Is there a way to define the list in a properties or other configuration before hand?
It seems like the app configuration and wiring are tightly coupled. From my experience, if it is hard to do something in Spring, likely there is a different easier way to do it.
3 approaches:
Simple: have two lists defaultSourceCodeLocations and additionalSourceCodeLocations and have your accessor methods check both of these (or combine them). I've seen this done in some frameworks - a default list of handlers is populated then additional user created ones are added...
More complicated but keeps the original class clean: You could then create a CodeBaseModifier class. This would have a init-method to alter an injected instance of the bean.

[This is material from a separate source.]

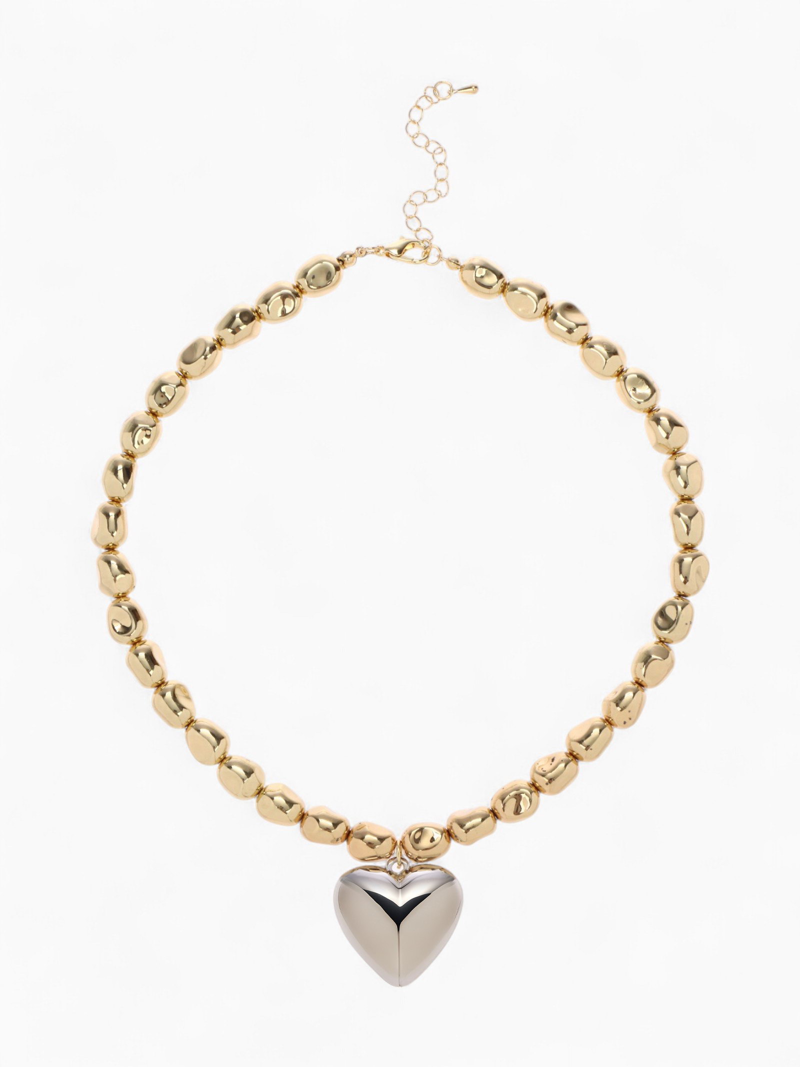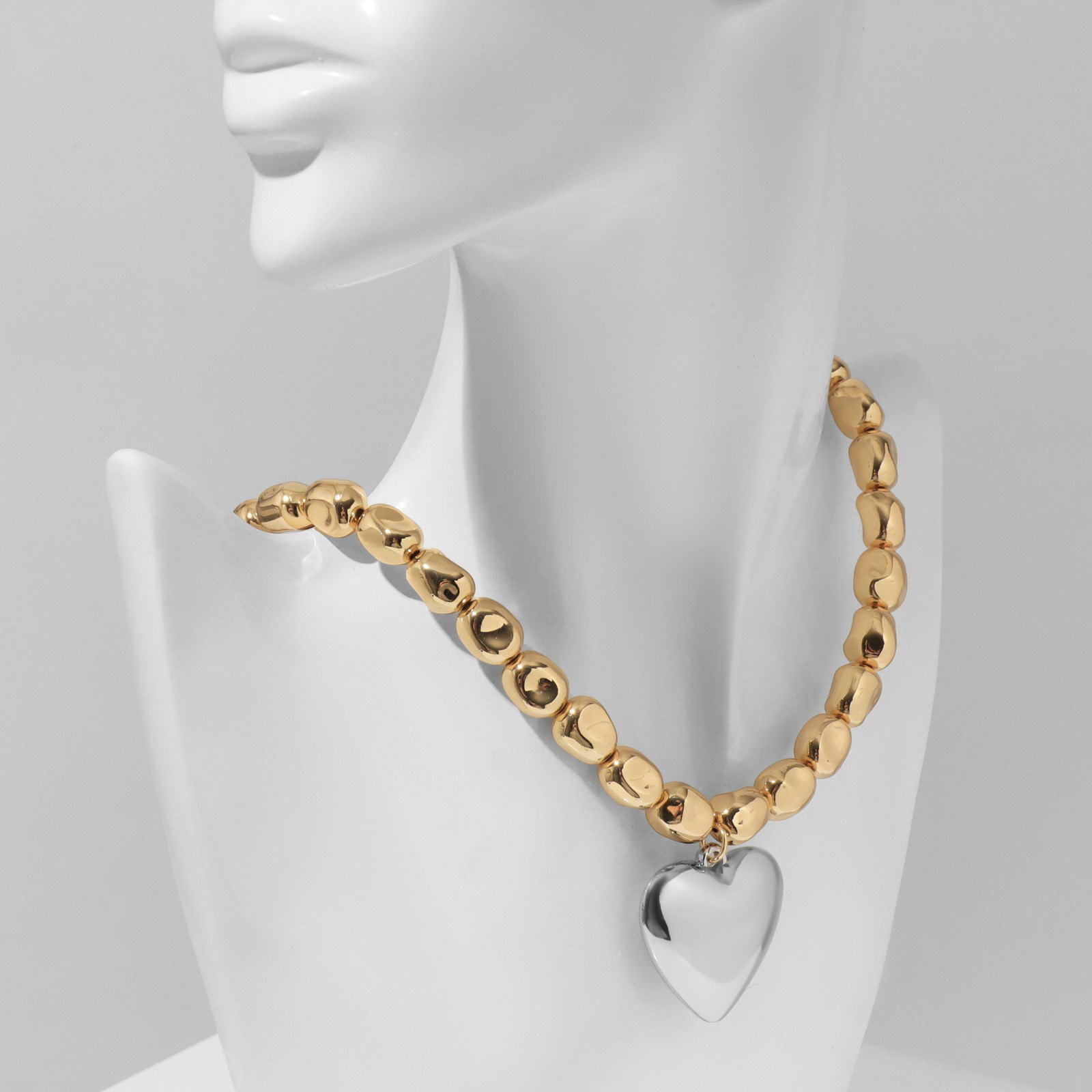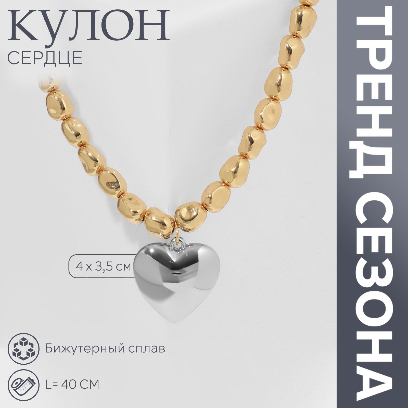 Кулон на декоративной основе "Сердце" объёмное, цвет золото с серебром, 40 см, 4x40x3.5 см., QF, Китай

<bean id="codebaseModifier" class="com.example.CodeBase" init-method="populateCodeBase">
<property name="sourceCodeLocations" ref="codebase"/>
<property name="additionalSourceCodeLocations">
<list>
<value>src/handmade/productive</value>
</list>
</property>
</bean>
If you wanted to make this really generic you could make a bean modifier that would do this by reflection. Be careful of the ordering if use this approach. Dependent beans of CodeBase would have to make sure this class was instantiated first (with depends on)
3 A variation on 2... Instead of directly creating a CodeBase class instead create a factory that returns a populated bean. This factory could then be configured with Spring in a similar fashion to 2. Have a defaultSourceCodeLocations and additionalSourceCodeLocations
Unless you need a lot of extensible properties I would go with option 1.